The unified memory 1206 is used for storing input data and output data. The weight data directly passes through a Memory Access Controller (DMAC) 1205, and the DMAC is transferred to the weight Memory 1202. The input data is also carried into the unified memory 1206 by the DMAC.

The BIU is a Bus Interface Unit 1210 for the interaction of the AXI Bus with the DMAC and an Instruction Fetch memory (IFB) 1209.

A Bus Interface Unit 1210(Bus Interface Unit, BIU for short) is used for the instruction fetch memory 1209 to fetch instructions from the external memory, and is also used for the storage Unit access controller 1205 to fetch the original data of the input matrix a or the weight matrix B from the external memory.

The DMAC is mainly used to transfer input data in the external memory DDR to the unified memory 1206 or to transfer weight data into the weight memory 1202 or to transfer input data into the input memory 1201.

The vector calculation unit 1207 includes a plurality of operation processing units, and performs further processing on the output of the operation circuit, such as vector multiplication, vector addition, exponential operation, logarithmic operation, magnitude comparison, and the like, if necessary. The method is mainly used for non-convolution/full-connection layer network calculation in the neural network, such as Batch Normalization, pixel-level summation, up-sampling of a feature plane and the like.

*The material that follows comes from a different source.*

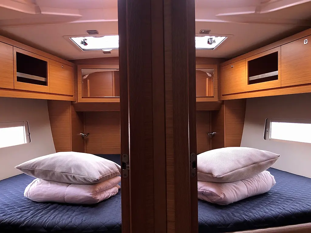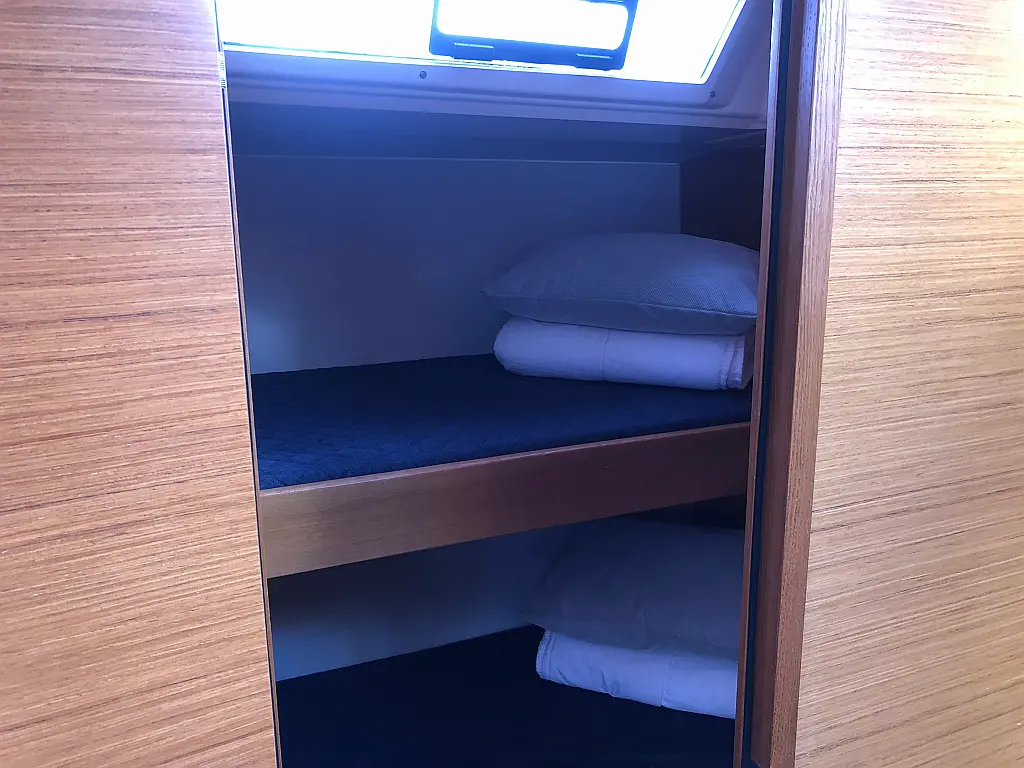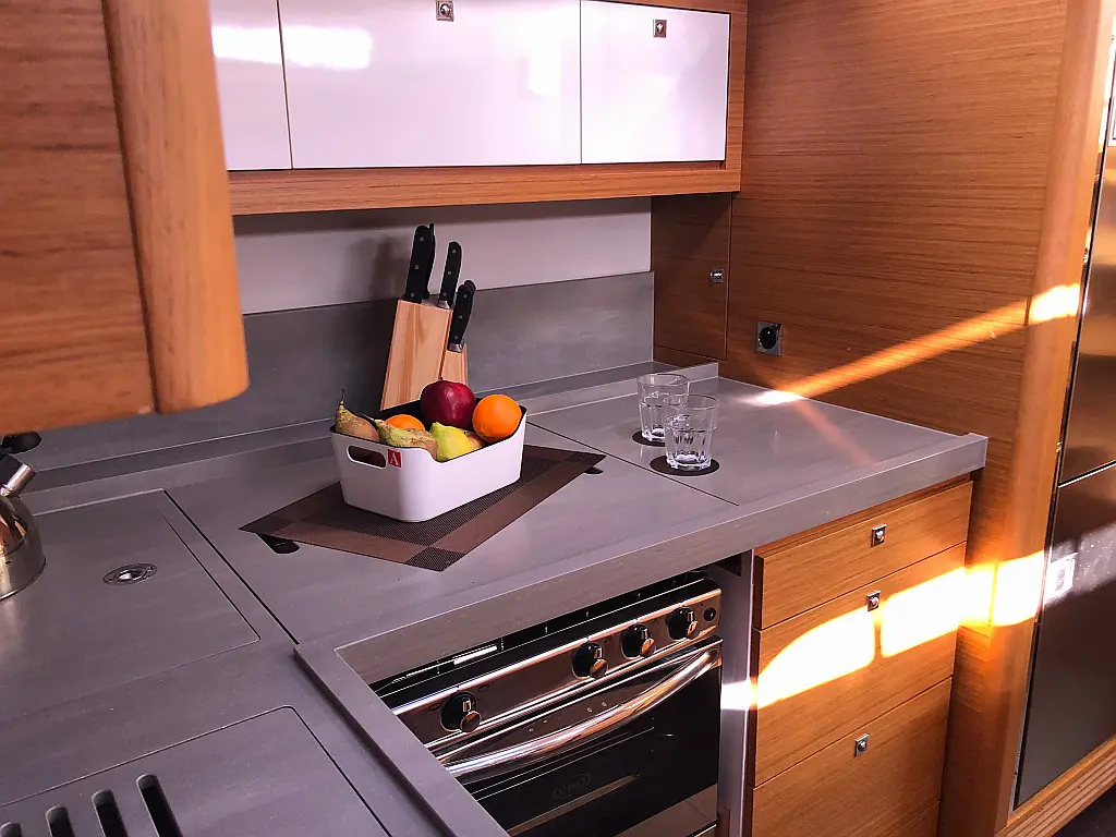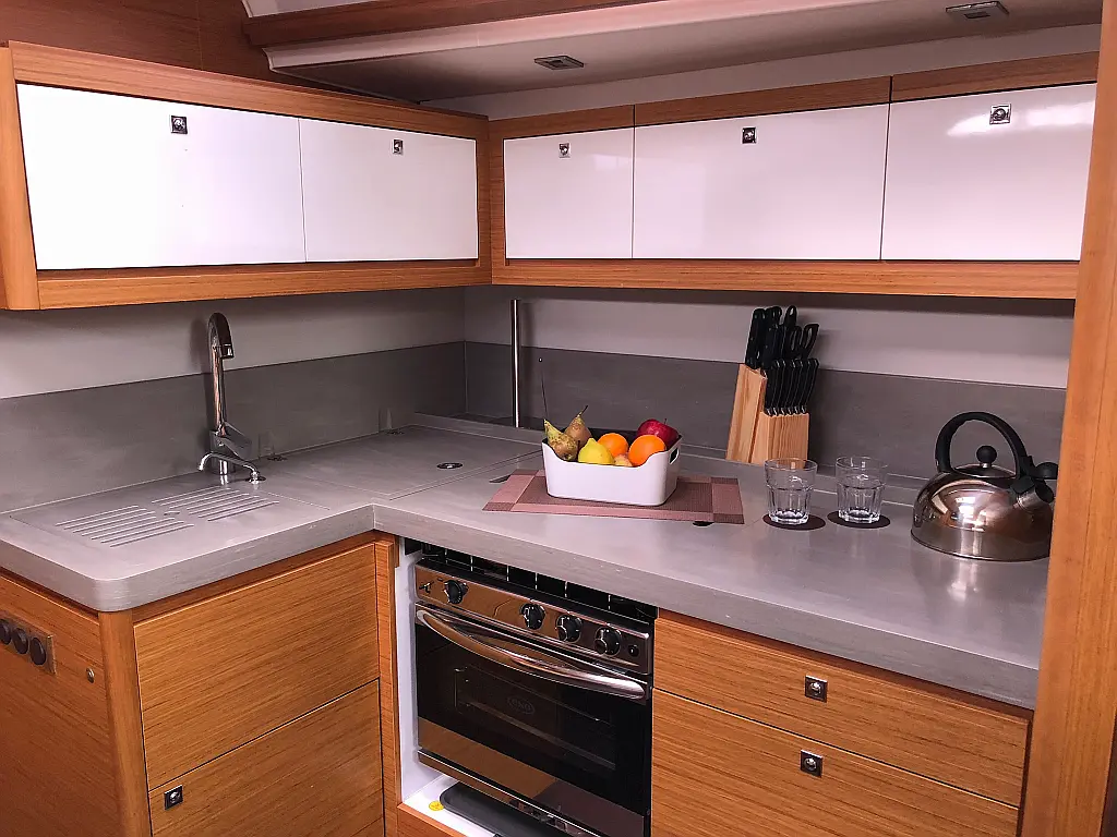 Jastuci u kokpitu , Roštilj u kokpitu , Paluba od tikovine , Električni WC , Hladnjak , Platforma za plivanje , Električna vitla , Hidraulučna pasarela , Inverter , Solarni paneli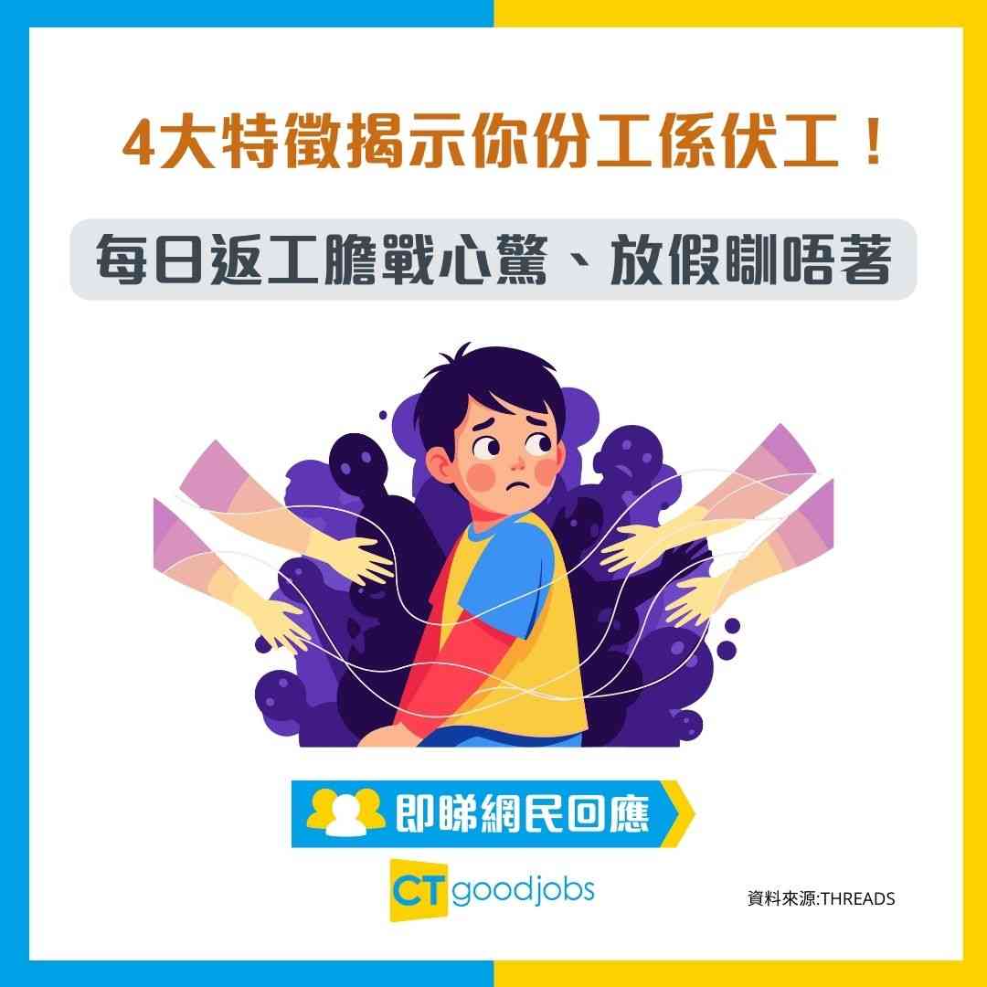 你有試過每日返工都膽戰心驚,生怕講錯一句說話得罪人?甚至開始懷疑自己的能力、自尊心一落千丈?近日有網民在社交平台 Threads 上分享「一份伏工的4大特徵」,迅速引起打工仔共鳴,不少人直言「中哂」、「份份工都係咁」。到底一份「伏工」有何特徵?打工仔又該如何自救?以下為你拆解網民熱烈討論的職場困境!

In some implementations, the vector calculation unit 1207 can store the processed output vector to the unified memory 1206. For example, the vector calculation unit 1207 may apply a linear function and/or a nonlinear function to the output of the operation circuit 1203, for example, linear interpolation is performed on the feature planes extracted by the convolution layer, and further, for example, a vector of accumulated values is used to generate an activation value. In some implementations, the vector calculation unit 1207 generates normalized values, pixel-level summed values, or both. In some implementations, the vector of processed outputs can be used as activation inputs to arithmetic circuitry 1203, e.g., for use in subsequent layers in a neural network.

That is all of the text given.